3. The cannula is divided laterally and symmetrically down the center, and each side fulfils a separate one of the dual functions. Thus, one nostril prong is used for breath collection, while the second nostril prong is used for oxygen supply. Such a cannula, because of its simple and open design, can be made in a single unit by dip molding with all of the advantages of this process, namely smooth outer contours of the part, and soft pliable materials, as is discussed hereinbelow. Such cannulae are available from the Salter Laboratories, Inc., of Arvin, CA, and are called the "Salter Divided Cannula" 4700 series. However, such a split function cannula suffers from disadvantages in use. Firstly, since supply and collection are accomplished in different nostrils, if one nostril is obstructed, then the function being performed in that nostril is disabled. In addition, the whole indicated quantity of oxygen is delivered through one nostril, which has been found to be less comfortable for the patient.

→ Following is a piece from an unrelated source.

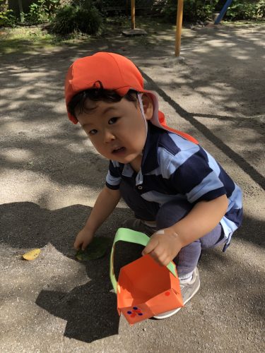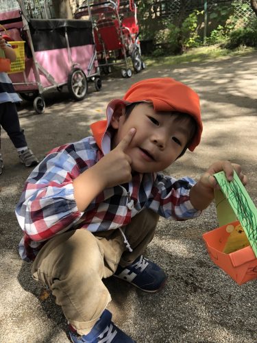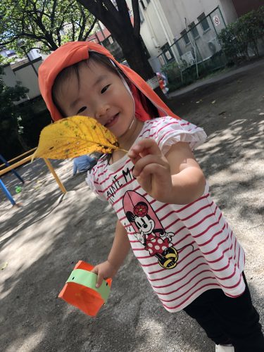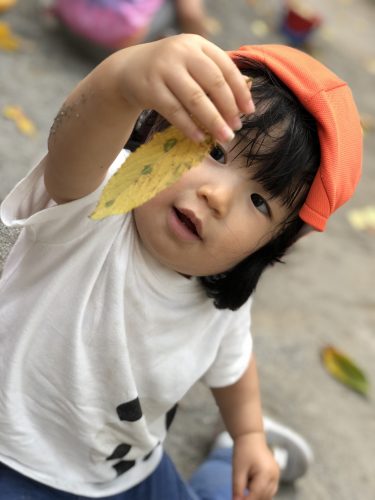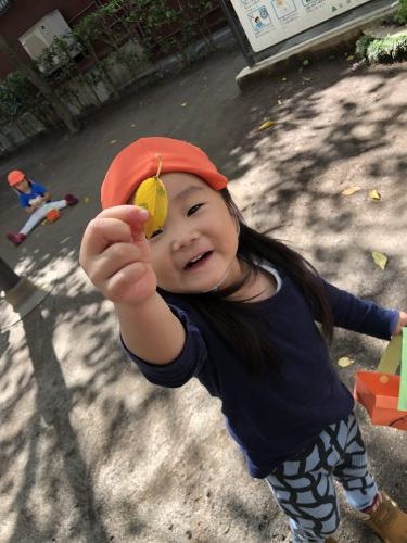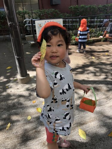 丸山福山公園にはたくさんの落ち葉があり、黄色や赤色に色付いた落ち葉を見つけて嬉しそうに「柿箱」の中に入れて持ち歩く姿に「秋ならでは」の遊びを感じる事ができました。持ち帰った色とりどりの落ち葉は来週の製作に使います。落ち葉がどんな作品になるのかとても楽しみです

A further method, known as rotational molding, is simpler than conventional injection molding, in that there are no internal cores, but is limited to use on the outer features only of the product. This technology would thus be limited to a single lumen or chamber design, a dual lumen product being virtually impossible to produce in one step by this method.
Currently available dual function cannulae generally have one or another disadvantage, either with respect to functional aspects of their use, or to patient comfort, or both. There therefore exists a need for a dual function cannula, wherein both functions are integrated into a small sized body, while maintaining ergonomic features to fit comfortably on the face, and to minimize patient irritation, while providing superior performance characteristics relative to those prior art products. At the same time, the manufacturing method must be capable of volume production at affordable cost to maintain the competitiveness of the cannula.
SUMMARY OF THE INVENTION
The present invention seeks to provide a new dual function cannula, which provides compactness, a low internal volume, ergonomic comfort and low production cost without detracting from the functional efficiency of the cannula by compromising the individual morphological requirements of each functional component. The cannula of the present invention can be provided in nasal or nasal/oral preferred embodiments, and includes collection and supply functions, integrated into one cannula without compromising their operational functionality. In accordance with a preferred embodiment, the cannula preferably incorporates the single junction construction as disclosed in the above-mentioned U.S. Patent No. 6,422,240, whereby all component parts of the breath collection lumen meet at a single junction. However, it is to be understood that the present invention is not limited to cannulae constructed with single junction construction, but is equally applicable to other dual function cannula designs.
There is thus provided in accordance with a preferred embodiment of the present invention, a cannula which provides dual functionality of gas collection and supply, and wherein each of the two functionalities are applied essentially symmetrically to the user relative to the facial center line, such that gas is supplied and collected essentially equally to and from both nostrils. The dual functions of the cannula are integrated into a single body shape while maintaining minimum possible external dimensions. At the same time, the cannula construction is such that the efficiency of each of the collection and supply functions is not compromised.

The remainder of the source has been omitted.